The amount of power delivered can be limited by using phaco pulse mode; after each pulse is delivered, there is a period of time in which no energy is delivered. These periods of rest in power delivery allow cooling of the phaco needle and reduce heat and energy delivered to the eye.
These on-and-off periods are referred to as the duty cycle; standard pulse has a 50% duty cycle, during which the ultrasound is on half of the time no matter how many pulses per second are delivered.
The duty cycle can be altered to change the ratio of the on and off time. For example, a 20% duty cycle results in 20 milliseconds on and 80 milliseconds off during each cycle. The long off time allows easy aspiration of the nuclear fragments.
There can be scenarios when higher or lower duty cycles serve a better purpose. During sculpting, energy is needed to create a groove in the lens, meaning that higher rates work better because the shorter time between pulses results in smoother delivery of energy; when nuclear quadrants are being removed, a lower duty cycle is better to emulsify the fragments because there is a long interval between the pulses, which facilitates aspiration.
Finally, using burst mode, each burst has the same power, but the interval between bursts decreases with foot-pedal depression. With more depression of the foot pedal, the shorter the off time is between bursts.
The identical bursts of energy are delivered more and more rapidly with foot-pedal depression; with maximal depression, the time interval between bursts is very small, making for continuous energy delivery.
This mode allows for true phaco-assisted aspiration of the nucleus; the fluidics and vacuum can be used for aspiration and give small bursts of power as needed. Lower phaco power settings should be used in burst mode compared with pulse or continuous mode because of the absence of linear control at the phaco power level.
Regarding the choice of these 3 modes, the ability to program timing and duration combined with the directional modes (ie, transverse and torsional phaco) allow the surgeon to have highly elegant control and precise ultrasound power delivery.

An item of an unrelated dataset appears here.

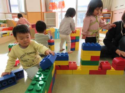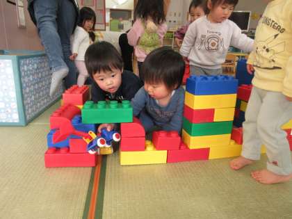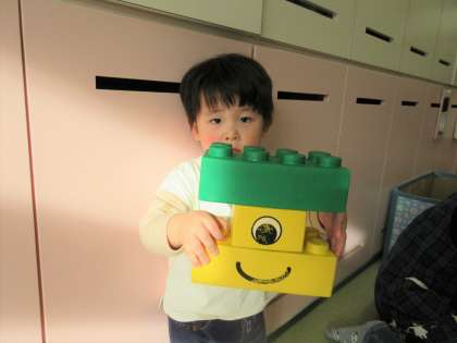 大きなレゴブロックで遊んだよ! 公開日 2022/03/11 更新日 2022/03/11 0歳児いちご・1歳児りんご組 普段から小さいレゴブロックで遊んでいる子供たち。大型レゴブロックを出すと「大きい!」と大喜び。高く積み上げたり、お家をつくろうと自分の周りを囲ったり、おばけの顔をつくったり・・・いろいろな遊び方をしていました。お片付けも箱の中に一生懸命詰めて、上手に出来ました。またいろいろな物をつくったり組み合わせたりして遊んでいきたいと思います。

Femtosecond laser-assisted cataract surgery (FLACS) is another technology that has resulted in increased efficiency in nuclear disassembly. FLACS allows the surgeon to decide the pattern of lens fragmentation.
The femtosecond pretreatment significantly reduces the effective phaco time compared with conventional phaco surgery, thus reducing loss of endothelial cells and allowing faster visual rehabilitation.

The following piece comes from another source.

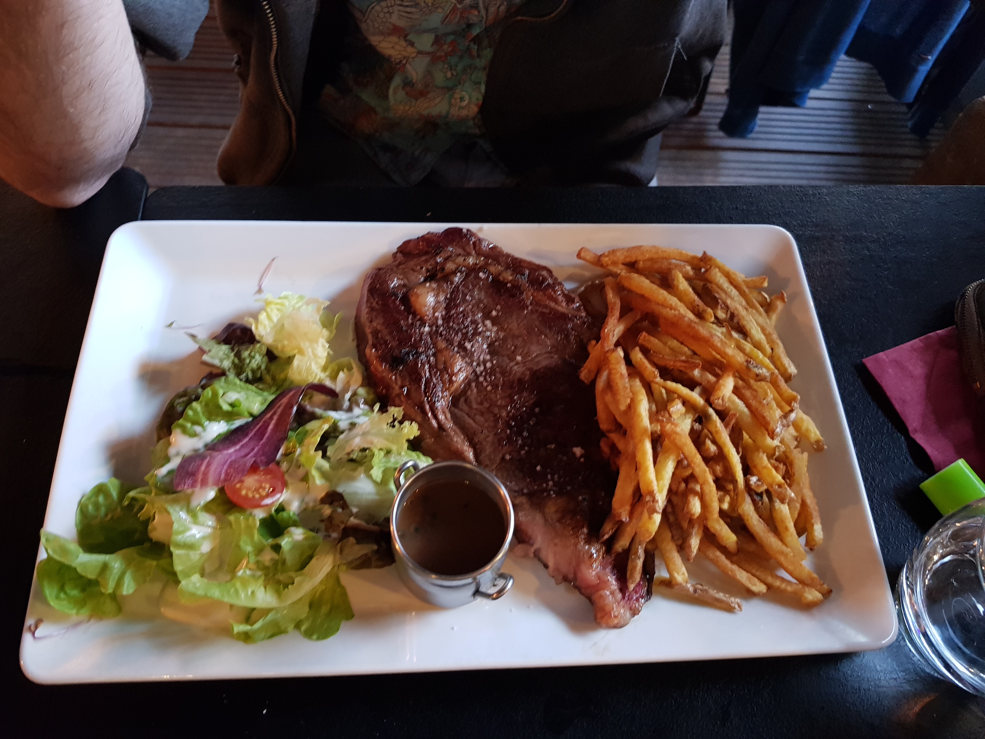 Malheureusement notre plus grosse déception de notre voyage en bretagne. Nous en attendions plus étant donné les bonnes notes et le prix. Ce ne fut pas a la hauteur, le steak était moyen, le burger passable et les frittes étaient horribles (huile trop usée? Frittes recuites ? Je ne sais pas) nous en avions a la fin pour 60€ avec deux plats et deux verres de vin, dans un restaurant proche pour 70€ nous avions eu de meilleurs plats, des desserts plusieurs verres d’alcools… peut-être sommes-nous tombés un mauvais jour ?

FLACS works through photodisruption, which vaporizes the targeted tissues. This is similar to the mechanism of phaco, but it occurs at the near-infrared wavelength, which is not absorbed by optically clear tissues.
This laser is focused to 3 microns and is especially useful for targeting specific depths. The waves dissipate approximately 100 microns from the targeted tissue, and the endothelium is not affected.

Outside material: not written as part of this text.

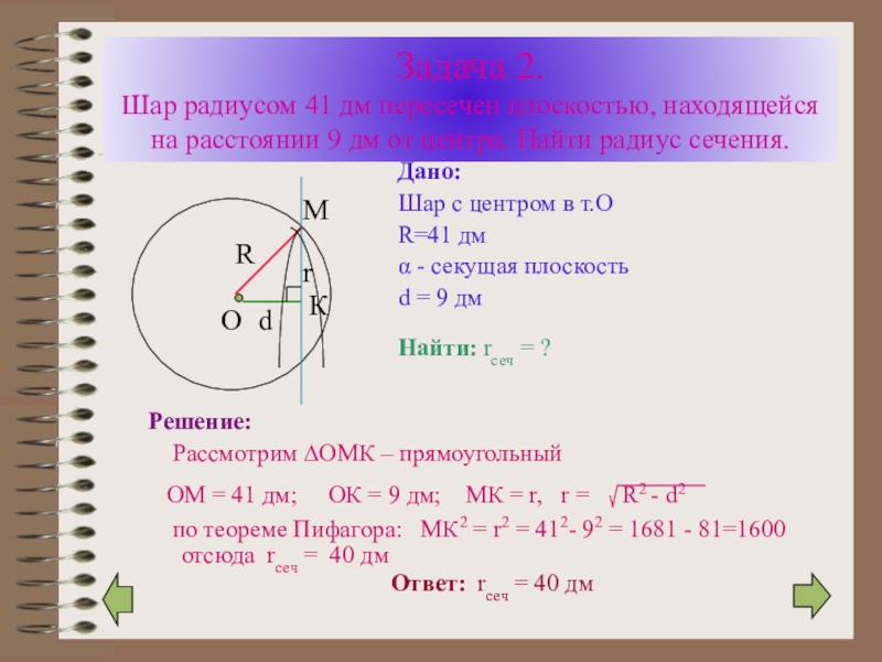 по теореме Пифагора: МК2 = r2 = 412- 92 = 1681 - 81=1600 отсюда rсеч = 40 дм

Using FLACS to create the quadrants, there is no need to phaco to sculpt the lens; the surgeon can go directly to removal of the quadrants after nuclear disassembly along the lines created by the laser.
As a result, lower total energy is used in the eye, making nuclear removal easier. The disadvantages of FLACS for experienced highvolume surgeons are the cost, increased surgical time, and minimal long-term enhanced visual outcome.
However, FLACS may be advantageous for use in brunescent cataracts of patients with Fuchs’ dystrophy. There are many means of modulating phaco power to achieve outstanding results in cataract surgery and provide the best patient care.